Acute Hepatic Porphyrias: "Purple Flags"-Clinical Features That Should Prompt Specific Diagnostic Testing.

机构信息

Division of Gastroenterology & Hepatology, Department of Medicine, University of Texas Medical Branch, Galveston, TX, USA.

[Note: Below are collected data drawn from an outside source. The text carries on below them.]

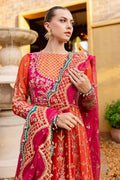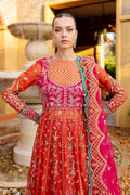 Dyed Contrast Organza Sequins Embroidered Front, Back & Sleeves Border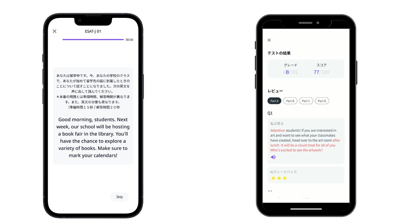 弊社はこの課題に対し、約6年間にわたる英語教育事業で培ったノウハウ、膨大なデータを活用して、各個人が安価にスピーキングテストへの対策ができるコンテンツを提供できると考え、ESAT-J対策アプリ・教材を開発しました。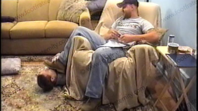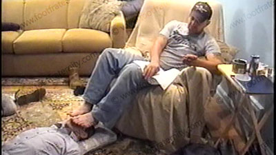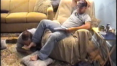 After work, he is in jeans, baseball cap, black sweaty thick socks & boots as he relaxes on the easy chair with his foot slave at his feet for service of his sweaty socks & bare feet worship. During this worship, slave has to give him a new leather jacket & kiss his feet for taking it. He taunts, teases, humiliates & dominates his sissy slave. He is into controlling, commanding, with verbal control & enjoys the power of being a Straight stud with slaves who pay to be humiliated while at his feet. There is foot kissing and sniffing, along with sock sniffing & total feet in the face. Straight jocks rule & love this power as he laughs at the domination control & power. Two views of this scene, one full, and one close up. He spit his old chewed gum in sissy’s mouth for him to swallow, then eat toe jam, nose between macho toes, feet all over the slave’s face, armpit action & much more. He is cocky & arrogant as he demands foot worship. Complete domination & humiliation with total power at his feet. He mocks, teases & taunts throughout the scene.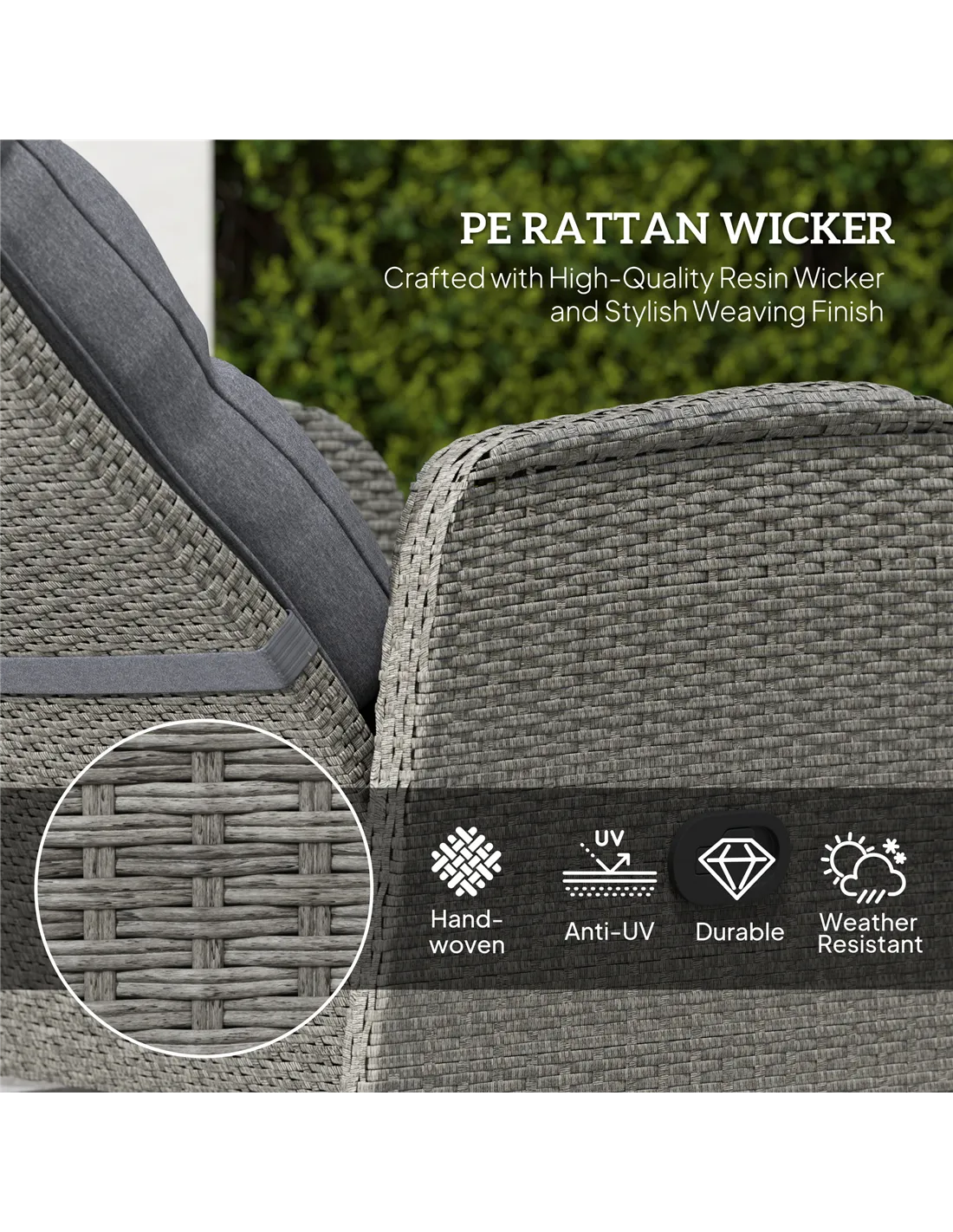Outsunny 2 Seater Patio Rattan Wicker Chaise Lounge Sofa Set w/ Cushion for Patio Garden Porch, Grey

Department of Genetics and Genomic Medicine, Icahn School of Medicine at Mt. Sinai, New York, NY, USA.

出版信息

Am J Med Sci. 2022 Jan;363(1):1-10. doi: 10.1016/j.amjms.2021.09.009. Epub 2021 Oct 2.

Abstract

BACKGROUND

Porphyrias are a group of rare diseases leading to dysregulation in heme biosynthesis and the accumulation of heme precursors, including porphyrinogens, which in their oxidized states [porphyrins] are reddish or purple. Acute hepatic porphyrias (AHP) comprise four diseases that cause acute debilitating neurovisceral attacks. Despite diagnostic advances, AHP is often undiagnosed or misdiagnosed due to a lack of disease awareness, low clinical suspicion, variable presentation, and nonspecific symptoms that mimic more common diseases. Delays in diagnosis and treatment increase the risk of serious acute and chronic complications.

METHODS

In order to assess whether symptoms alone or in combination might be utilized as important indicators or "purple flags" that, when present, should alert clinicians to suspect AHP and pursue specific diagnostic testing, we conducted a comprehensive review of the literature on AHP, including cohort studies and case reports over two epochs, from 1980 to 2006 and from 2012 to 2018.

RESULTS

We found that severe abdominal pain, with or without acute central nervous system manifestations and peripheral neuropathy, continues to be the most frequent symptom. Hyponatremia, change in urine color, and certain chronic symptoms were also identified as features that should raise suspicion of AHP. To improve diagnosis of AHP, clinicians need to take a broad perspective, including demographic data and medical history, into consideration.

CONCLUSIONS

The clinical features of AHP continue to be severe pain, especially pain in the abdomen. Other features that should raise suspicion are autonomic, peripheral, or central neuropathies, hyponatremia, and red-purple urine color.

摘要

背景

卟啉症是一组罕见疾病,导致血红素生物合成失调和血红素前体积累,包括卟啉原,其在氧化状态下[卟啉]呈红色或紫色。急性肝性卟啉症(AHP)包括四种导致急性衰弱性神经内脏发作的疾病。尽管诊断有所进步,但由于对疾病认识不足、临床怀疑度低、表现多样以及与更常见疾病相似的非特异性症状,AHP 经常被误诊或漏诊。诊断和治疗的延误增加了严重急性和慢性并发症的风险。

方法

为了评估症状本身或组合是否可以用作重要指标或“紫色标记”,即出现这些标记时,应提醒临床医生怀疑 AHP 并进行特定的诊断性检查,我们对 AHP 的文献进行了全面回顾,包括两个时期的队列研究和病例报告,即 1980 年至 2006 年和 2012 年至 2018 年。

结果

我们发现,严重腹痛,伴有或不伴有急性中枢神经系统表现和周围神经病,仍然是最常见的症状。低钠血症、尿液颜色改变和某些慢性症状也被确定为提示 AHP 的特征。为了改善 AHP 的诊断,临床医生需要从广泛的角度考虑,包括人口统计学数据和病史。

结论

AHP 的临床特征仍然是严重疼痛,特别是腹痛。其他应引起怀疑的特征是自主神经、周围或中枢神经病、低钠血症和红紫色尿色。